With increased transparency, the tightening of the supply chain seemed an inevitability. This seemed especially true in the retail world. Now that retailers have direct access to portals like Alibaba, there’s been a notable decrease in the number of facilitators that used to exist.
The traditional B2C supply chain consists of four or five entities: supplier, manufacturer, wholesaler, retailer, and consumer. With the advent of the internet however, the supply chain landscape is changing quickly.
Disintermediation, or the removal of intermediaries in a supply chain, is particularly relevant to eCommerce today.
The idea is that with increased access to information, the barriers that existed previously which prevented manufacturers or wholesalers from selling directly to the consumer have effectively been removed.
Interestingly, the reality hasn’t aligned with this expectation. If anything, conventional ‘middlemen’ roles have evolved in addition to the creation of entirely new intermediaries.
So as an SME, can you afford to cut out the middlemen? Larger organizations such as Walmart can leveraged their incredible network to make the cost savings by cutting out intermediaries where possible.
For SMEs however, resources are generally much more limited. Middlemen can allow you to obtain goods that would be impossible for you to access otherwise.
In order to determine whether or not using intermediaries is right for you, it’s important to identify the potential value that they can bring. The value that modern middlemen bring to the table may be different from what you think.
When it comes to the modern supply chain, the linkages between different players are changing.
Wholesalers continue to serve an important function in the supply chain. However, their role is no longer confined to purchasing from suppliers to distribute to retailers. In order to survive, they must provide a tangible value adding function that’s clear to their customers.
Previously, wholesalers were generally regarded as the portal by which retailers access suppliers. Because it’s so much easier to bypass certain rungs nowadays, proving value is more important than ever.
The rise of eCommerce platforms such as eBay, Amazon, and ASOS indicates the rise of a whole new type of intermediary.
It’s an interesting new way to think about the supply chain - are platforms an additional rung in the chain, or are they merely a medium for those further up the supply chain to connect with those that are further down by bypassing traditional linkages?
Regardless of its role in the supply chain however, the simple fact remains - the trend towards B2C firms selling through hosted platforms is inevitable.
Trust and convenience are the two primary factors.
Backed by big names like Amazon, consumers feel assured that certain consumer protection policies are in place. ASOS for instance, offers a 14 day returns policy.
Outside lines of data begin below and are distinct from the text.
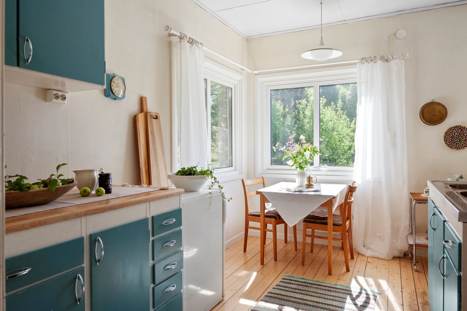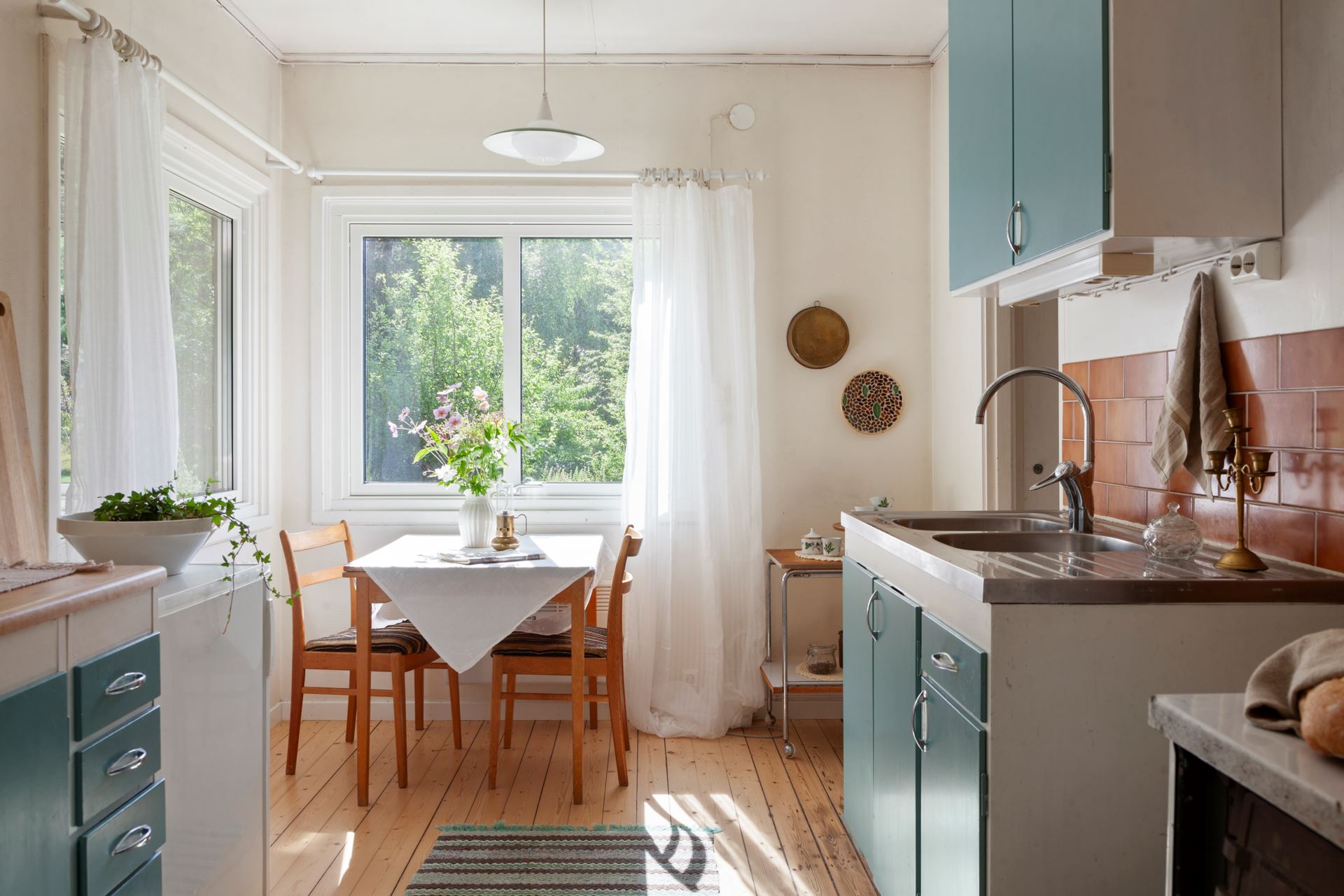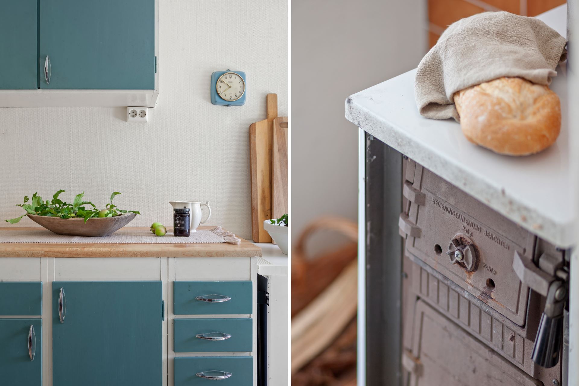 Inredning: Originalkök med målade snickerier i ljusblått med silvriga handtag, bänkskiva i ljus laminat, diskho, vedspis, kylskåp från Whirlpool.
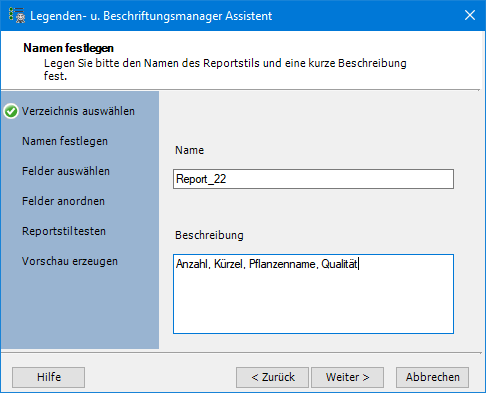 Im zweiten Schritt geben Sie bitte den Namen des Reportstils an sowie eine kurze, prägnante Beschreibung. Die Beschreibung kann auch nachträglich jederzeit im Eigenschaftenfenster des Managers erstellt oder editiert werden. |
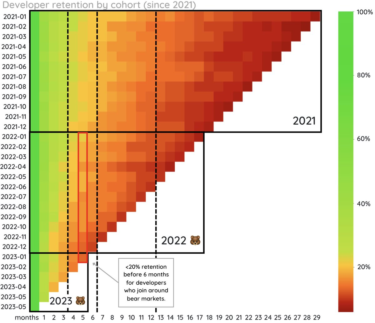 下图显示,从 21 年 1 月起,大多数新人开发者在加密货币领域多久后选择离开(留存率 <20% ):
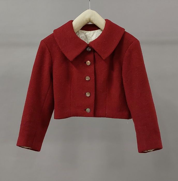 Fuchsia-roze grof geweven tweed deux-pièces, kort ja...
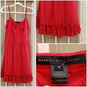 🌴Description: Wide inset waist lends a figure-flattering effect to a silky jacquard red dress with an easy, ruffle-trimmed skirt., Like new no flaws ...
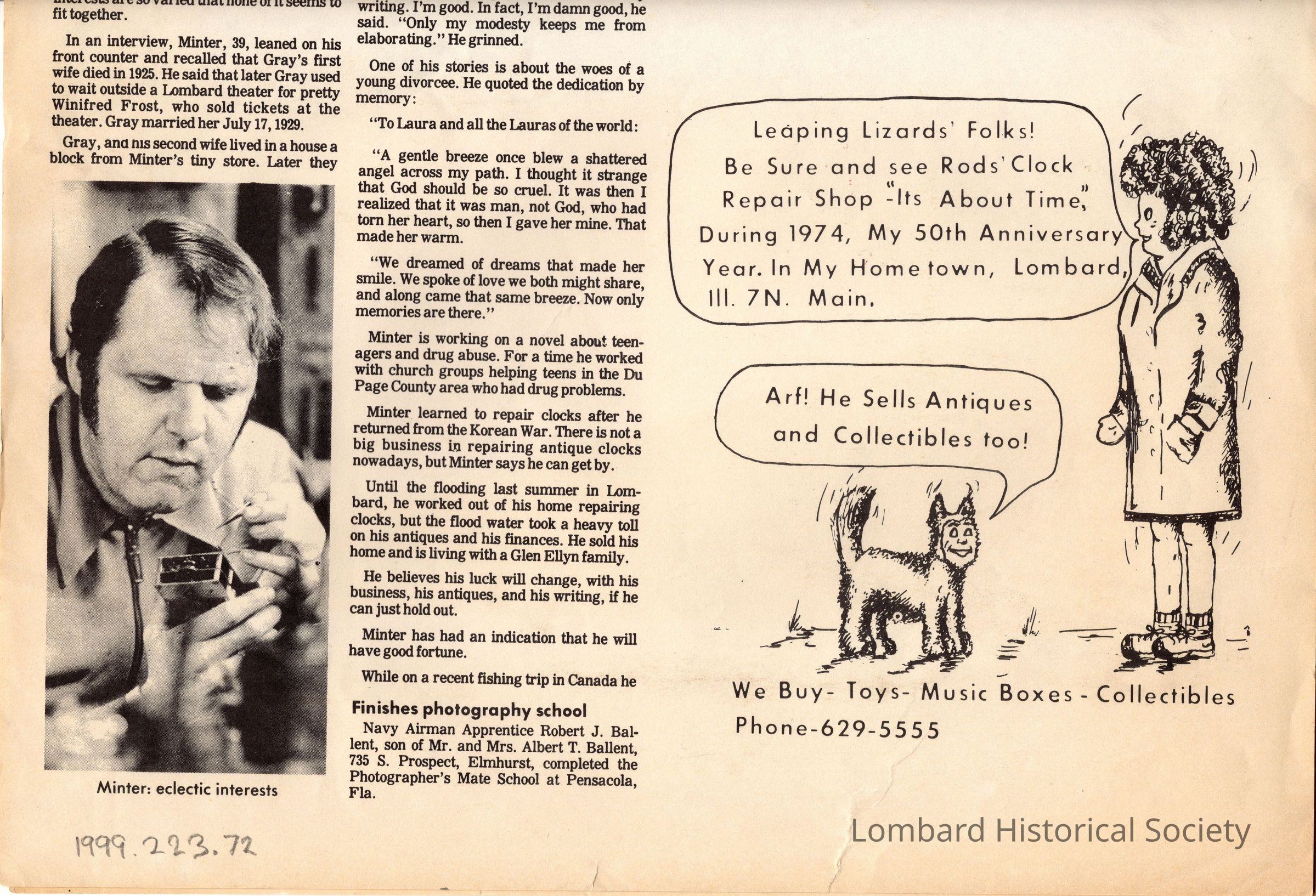 Rods' Clock Repair Shop Advertisement and ArticleEntry/Object ID
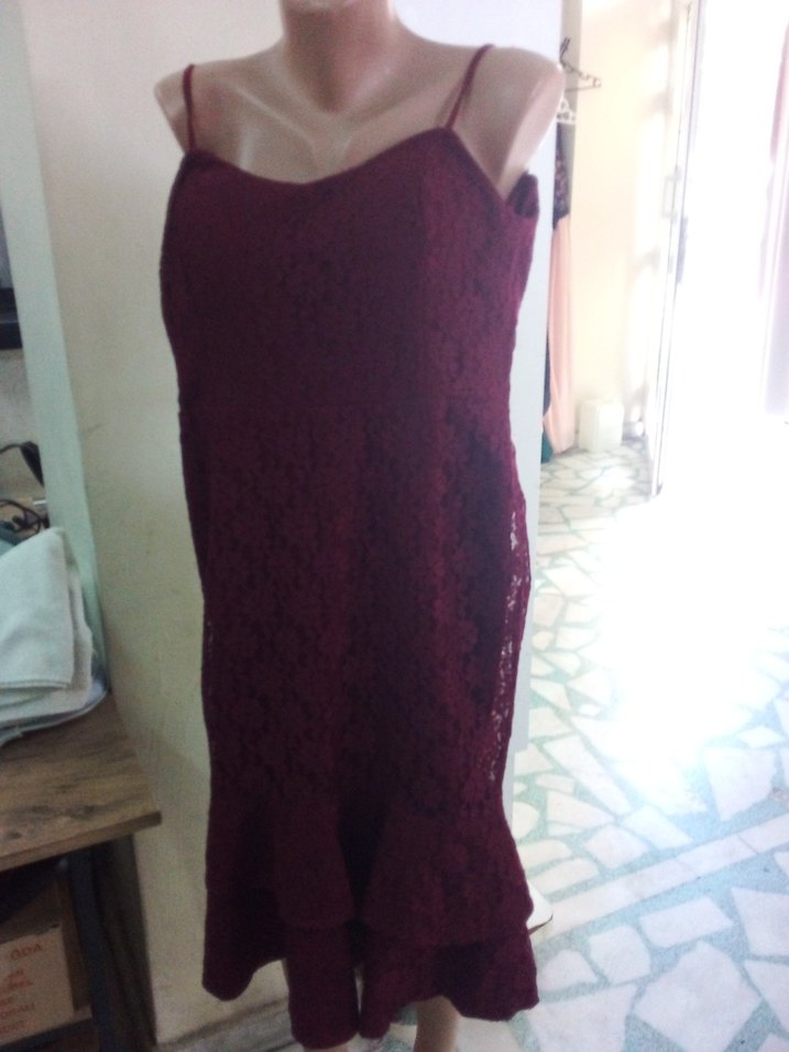 Bordo renkte, dantel detaylı, V yaka, kolsuz ve uzun boyda kadın abiye elbise. Sıkı kesimi ile minimalist gotik tarzda cesur bir görünüm sunar.
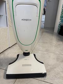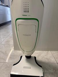 Scopa folletto con pezzo multifunzione, che funge sia da aspiratappeti e aspirapolvere sul pavimento con tre velocità.
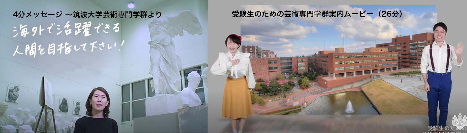 筑波大学芸術専門学群は、国立の総合大学の中に設置された芸術の専門教育機関です。最先端の多様な学問を学ぶことができる大学環境と、1学年100名の少人数に14領域の多彩な芸術の専門教育を提供できる利点を生かして、幅広い見識と豊かな創造力をそなえた芸術の専門家を育成しています。これまでに、美術家・デザイナー・研究者など芸術・デザイン分野で指導的役割を担う優れた卒業生が多数輩出し社会で活躍しています。
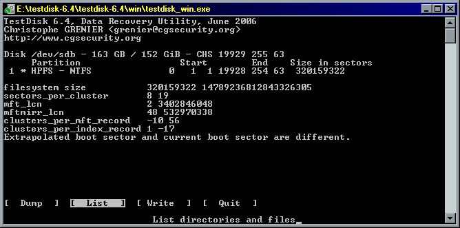 Bild2 und Bild 3: Testdisk nach der Analyse
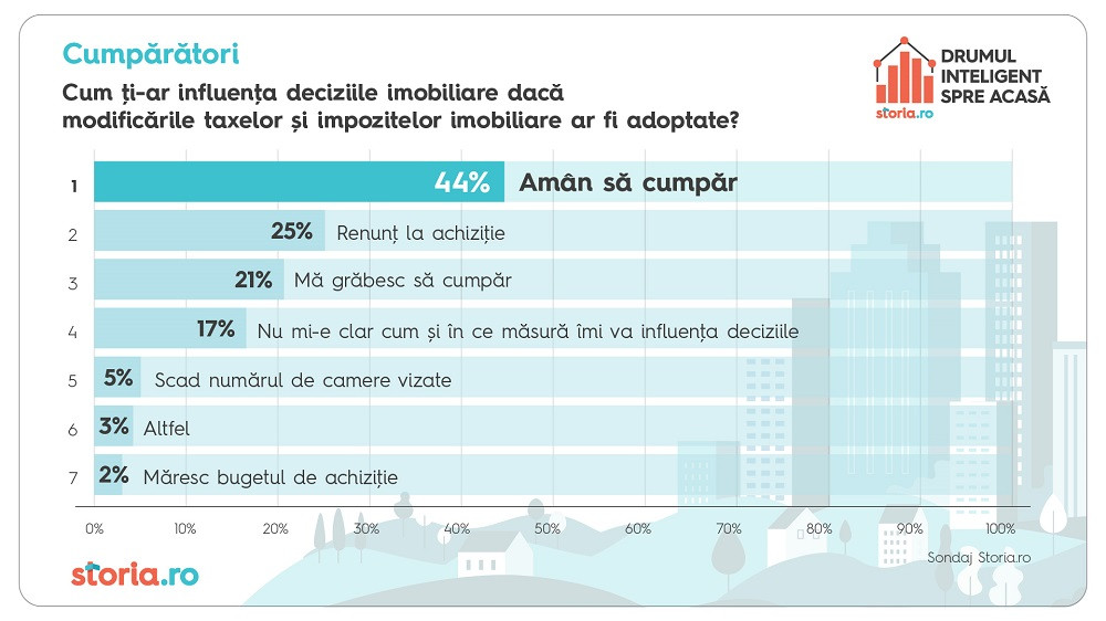 Întrebați în ce moduri le-ar afecta deciziile de achiziție din viitor, 44% dintre respondenții interesați în acest moment de cumpărarea unei locuințe au declarat că ar amâna să cumpere, 25% afirmă că ar renunța la achiziție, în timp ce 21% declară că s-ar grăbi să cumpere. Totuși, 17% dintre cumpărători declară că momentan nu le este clar cum și în ce măsură noile schimbări fiscale le-ar influența deciziile imobiliare.
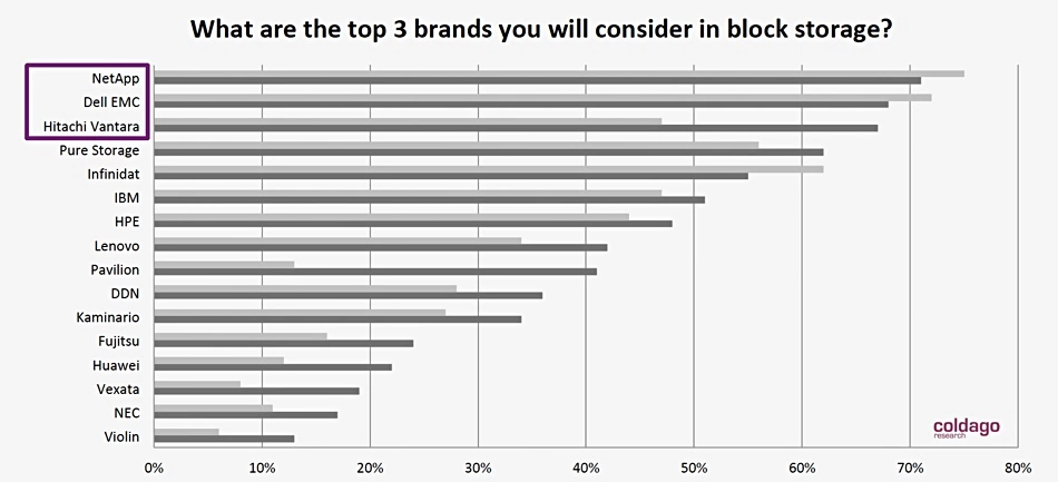 根据数据存储研究机构Coldago Research的2020终端用户调研,Hitachi Vantara被用户评为块存储领域的领导者。坚持不懈的技术创新让Hitachi Vantara的存储解决方案一直深受用户信赖,尤其是那些更需要高可靠IT基础设施的业务关键型应用。
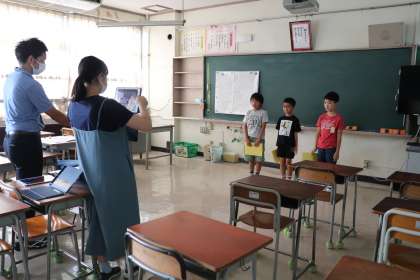 児童代表の言葉は3年生でした。1学期を振り返り、夏休み・2学期に頑張ることをしっかり発表することができました。
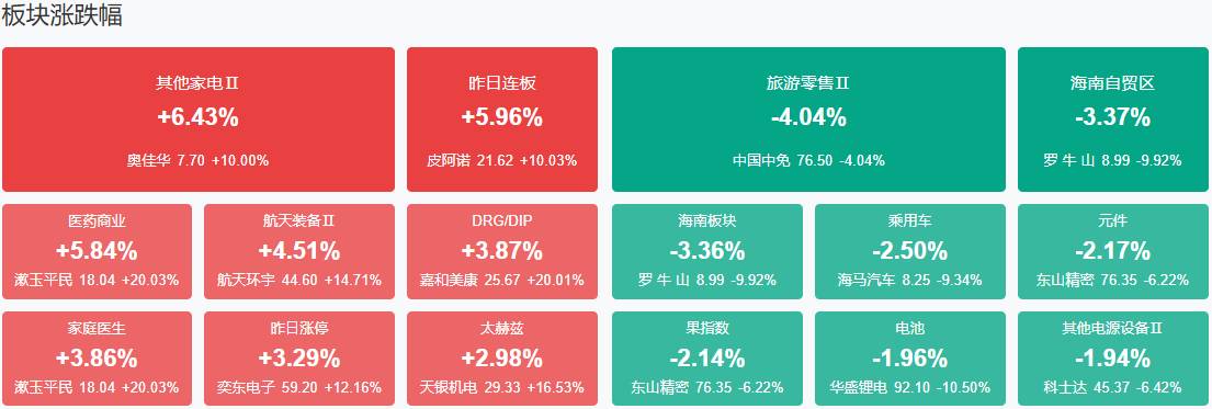 板块方面,医药商业、银行、零售等板块涨幅居前,电池、电网设备等板块跌幅居前。截至收盘,沪指涨0.16%,深成指跌1.29%,创业板指跌2.17%。
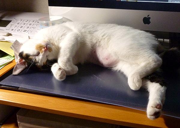 夜、パソコン前で作業していたら陣取って寝てしまい

Given the multitude of alternative options on the internet, maintaining trust in the platform is central to its success.
Active reviewers are also a big part of creating and maintaining a functional and trustworthy platform. Online reviews have become an integral part of the purchasing process. With online platforms, where sellers can access a larger customer base, there are also likely to be more reviews available for consumers to evaluate their purchasing decision.
Even seemingly minute inconveniences such as having to reenter credit card details can play a role in a consumer's purchasing behaviour. Intermediaries are in a unique position to help facilitate these transactions.
If platforms are successful in offering both buyers and sellers these two factors, it's likely that hosted eCommerce platforms will continue to grow.
Instead of becoming obsolete, intermediaries are expanding and transforming their job functions. We’ve previously written about the Wholesaler 2.0. Not only is this group concerned with pricing and the bottom line, they’re also looking to add value for their customer base in other ways.
The wholesaling business is undergoing a significant transformation. Unlike B2C transactions, the need for a personalized touch is still very much present. After all, the stakes are much higher. For retail businesses, inventory is their lifeblood. As a result, they’re likely to want to connect with real people for an additional sense of security.
Placing orders with real people however, can be a hassle. Phone, Skype, Email, Whatsapp - these are just some of the ways that wholesalers are taking orders. Not only is it difficult to consolidate information, this process will require a set of internal middlemen to process orders, there by creating an unnecessary bottleneck.
Adding a private B2B e-Commerce store would be inline with the objectives of the Wholesaler 2.0. This way, you can create customized portals for Retailers are people too! Increased visibility in the sales process is a great way to build trust with your partners, and ensuring a user friendly experience throughout is an added bonus. Helping relevant stakeholders stay informed is an integral part of building trust between partners.
The disintermediation trend in eCommerce has deviated from expectations, creating an interesting phenomenon whereby a form of reintermediation has actually taken place. New middlemen are appearing, and the functions that they serve are more sophisticated than ever. Players in the modern supply chain are inundated with new opportunities to rethink both their purchasing and sales decisions.
This has created a new space for different kinds of intermediaries, while some traditional linkages may become obsolete.
Regardless, it's an interesting transitional period for middlemen operating in the eCommerce space. Some will disappear, whereas others will spring up to offer value-added services that may not previously have existed.